Would sepsis cause your bones to hurt?
Sepsis often starts with an infection in another part of the body, such as the lungs, urinary tract, or skin. The infection can spread through the bloodstream to the bones, where it can cause bone pain. It can also cause inflammation of the joints, which can lead to joint pain.
Who Is At Risk?
An infection in the bloodstream can affect anyone, but some people are at greater risk than others. People most at risk of developing sepsis include:
- infants and young children
- older adults
- people with chronic medical conditions, such as diabetes, cancer, or lung or heart disease
- people with weakened immune systems from conditions such as HIV/AIDS or chemotherapy
- people who have had recent surgery or trauma, especially if they have an open wound
- people who have injected drugs
- pregnant women and women who have recently given birth
Common Complications of Sepsis in Southport QLD
If not treated promptly, sepsis can lead to multiple organ failures and death. Early diagnosis and treatment of sepsis are critical to improving the chances of survival. Otherwise, it can progress to:
Sepsis causes organ failure in up to 50 percent of people who develop the condition. Organ failure most often occurs in the lungs, kidneys, and liver.

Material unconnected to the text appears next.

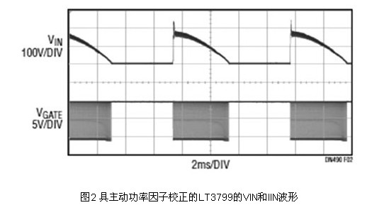 透過使線路電流跟隨施加的正弦波電壓,這種高功能整合的驅(qū)動電路實現(xiàn)了高功率因子,并且滿足了IEC 61000-3-2 C類照明設(shè)備諧波要求。如果所吸取的電流與輸入電壓成正比,就能實現(xiàn)等于1的功率因子。其用一個從輸入電壓產(chǎn)生并與輸入電壓成比例的電壓調(diào)制峰值開關(guān)電流。如圖2所示,這種方法提供0.98或更高的功率因子。一個小帶寬回饋環(huán)路保持對輸出電流的調(diào)節(jié),而且不會使輸入電流失真。

Shock is a medical emergency that occurs when your blood pressure drops to a dangerously low level and your organs don’t get enough oxygen.
Mental decline or delirium
Sepsis can also lead to confusion and other changes in mental status.
Loss of limbs
In some cases, sepsis may cause tissue death and the need for amputation of an arm or leg.
Permanent organ damage
The lungs, heart, and brain are particularly vulnerable to long-lasting or irreversible organ damage from sepsis.
Once you’ve had sepsis, you’re at risk of developing it again in the future.
Sepsis Treatment and Prevention
The body is a natural shield from infection but can still be challenged due to infection. There are many different types of treatment for sepsis depending on the severity of the condition.
In mild cases, antibiotics may be all that is necessary to clear the infection. More severe cases may require hospitalisation and aggressive supportive care, including intravenous fluids and medications to stabilise blood pressure. In the most severe cases, sepsis can lead to organ failure and death.
The best way to prevent sepsis is to avoid infections in the first place. Good hygiene, prompt treatment of illnesses, and vaccinations can all help reduce your risk of developing sepsis.
Are There First Aid Steps for Sepsis?
Sepsis can become an emergency case if it is not detected early and the person’s condition worsens and progresses to septic shock. There are steps you can take if you suspect someone has sepsis.
- Assess the person’s signs and symptoms of sepsis.
- Call 000 or go to the nearest emergency room if you suspect it is sepsis.
- Follow the instructions of medical professionals until help arrives.
- Make sure the patient is hydrated by letting him or her drink plenty of fluids.
- Monitor the patient’s condition.
A Cnr Ferry Rd and, Cotlew St E, Southport 4215 first aid certification is required and beneficial in the workplace, can be useful at home and in the community setting. For more information, contact CPR First Aid RTO 21903.
In conclusion, sepsis is life-threatening to anyone but can be difficult to detect early on. Therefore, it is imperative to be aware of the causes so that proper preventive measures can be put into place for everyone’s health and safety.